→ **WORK TASK**
From top to bottom, retype the data exactly, passing over any picture.

→ **DATASET EXCERPT**
◆ ◆ ◆ ◆

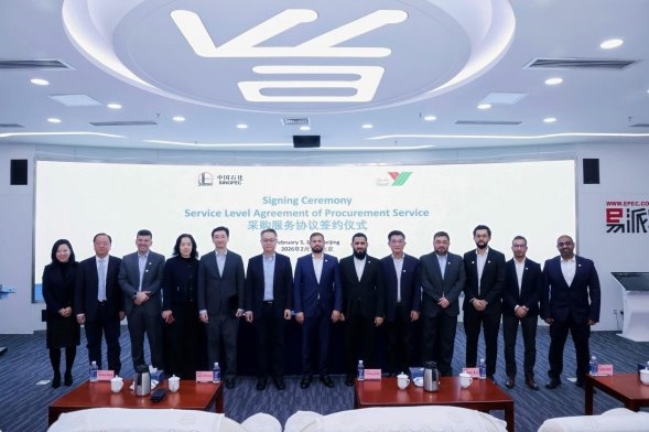 2月3日,沙特延布阿美中石化炼油有限公司(延布炼厂)在北京分别与石化盈科、华为公司及中国石化物资装备部(国际事业公司)签署合作备忘录与采购服务协议。延布炼厂总裁兼首席执行官SaadBinMatlig及中国石化物资装备部(国际事业公司)副总经理赵宇城、华为化工建材军团总裁李俊朋、石化盈科党委副书记马永林,分别出席对应会议及签约仪式。
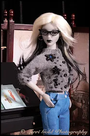 The wonderful drafting table is a Tonner Tyler furniture item. The clip on lamp works. The drawer opens as does the top of the table which is held in an angled slant by a rod you pull up inside. The stool comes with the set. Recently a nearly new set sold on eBay for $50.99. The seller also included the Design Essentials set which is adorable. Tonner furniture is perfectly scaled for our 16" dolls. It never looks too small.
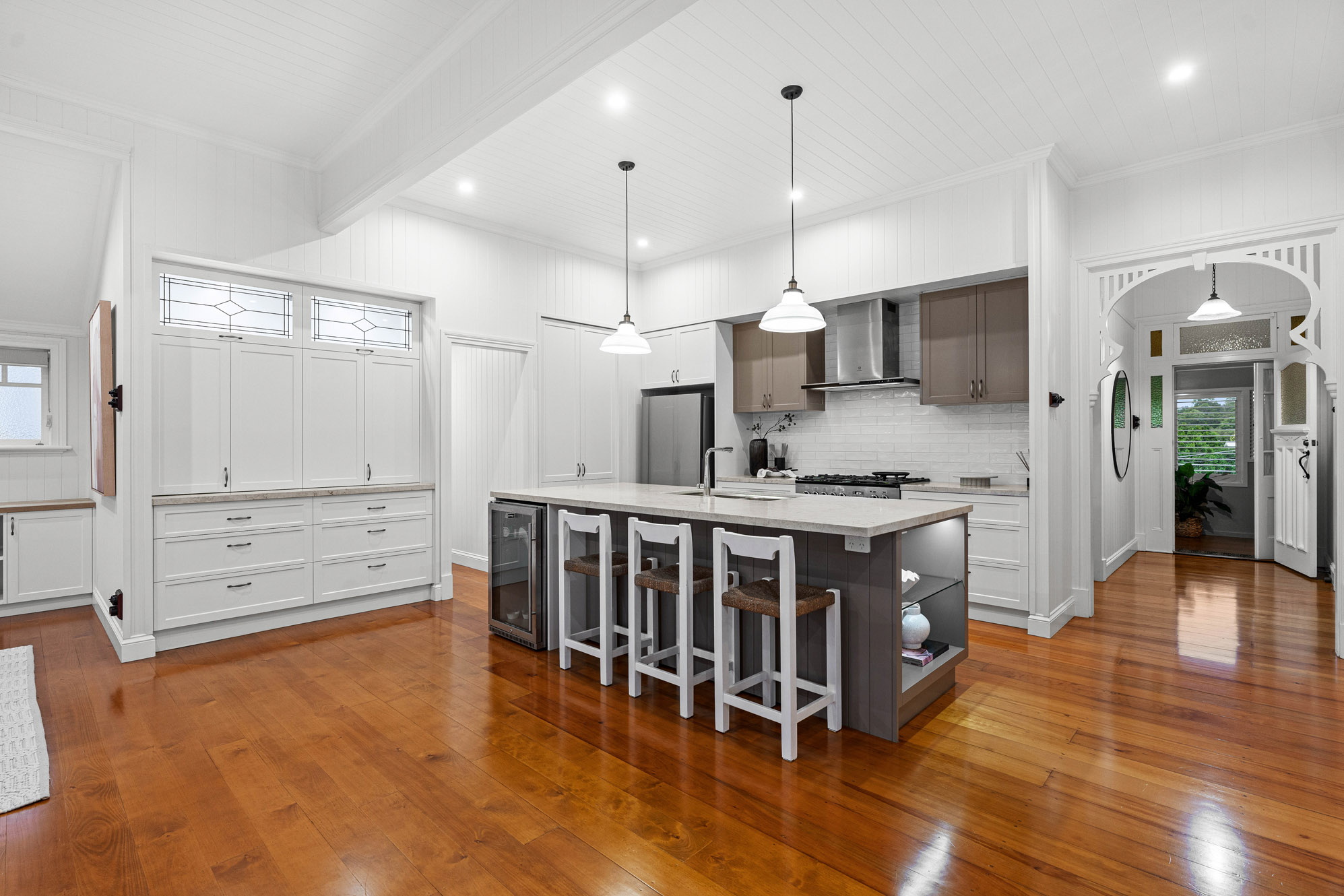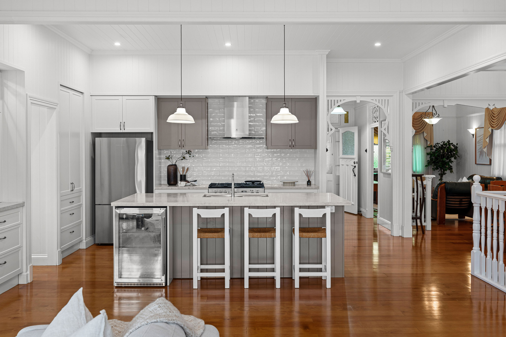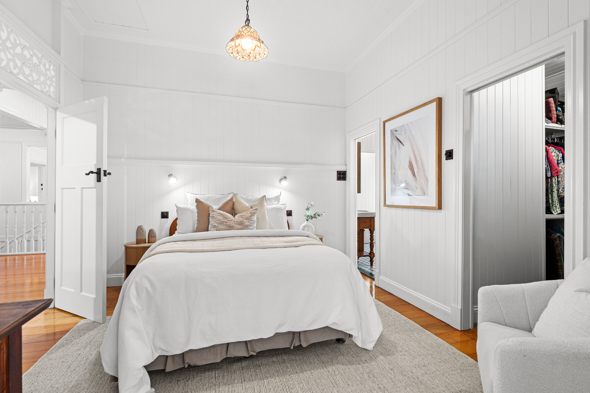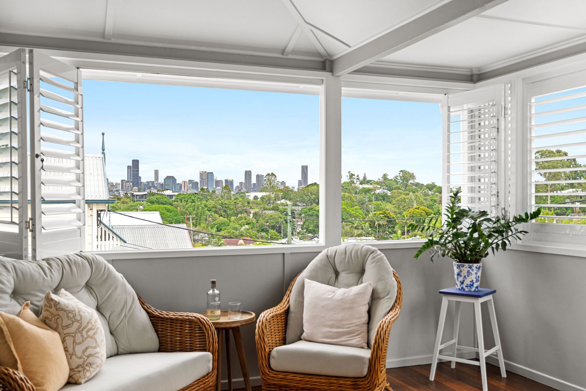 • Restored 1920s legacy featuring VJ walls, ornate breezeways, and French doors leading to a front deck with commanding views over the city, The Gabba, and Mt Coot-tha

◆ ◆ ◆ ◆

→ **ANSWER TO THIS EXERCISE**
 2月3日,沙特延布阿美中石化炼油有限公司(延布炼厂)在北京分别与石化盈科、华为公司及中国石化物资装备部(国际事业公司)签署合作备忘录与采购服务协议。延布炼厂总裁兼首席执行官SaadBinMatlig及中国石化物资装备部(国际事业公司)副总经理赵宇城、华为化工建材军团总裁李俊朋、石化盈科党委副书记马永林,分别出席对应会议及签约仪式。
 The wonderful drafting table is a Tonner Tyler furniture item. The clip on lamp works. The drawer opens as does the top of the table which is held in an angled slant by a rod you pull up inside. The stool comes with the set. Recently a nearly new set sold on eBay for $50.99. The seller also included the Design Essentials set which is adorable. Tonner furniture is perfectly scaled for our 16" dolls. It never looks too small.
 • Restored 1920s legacy featuring VJ walls, ornate breezeways, and French doors leading to a front deck with commanding views over the city, The Gabba, and Mt Coot-tha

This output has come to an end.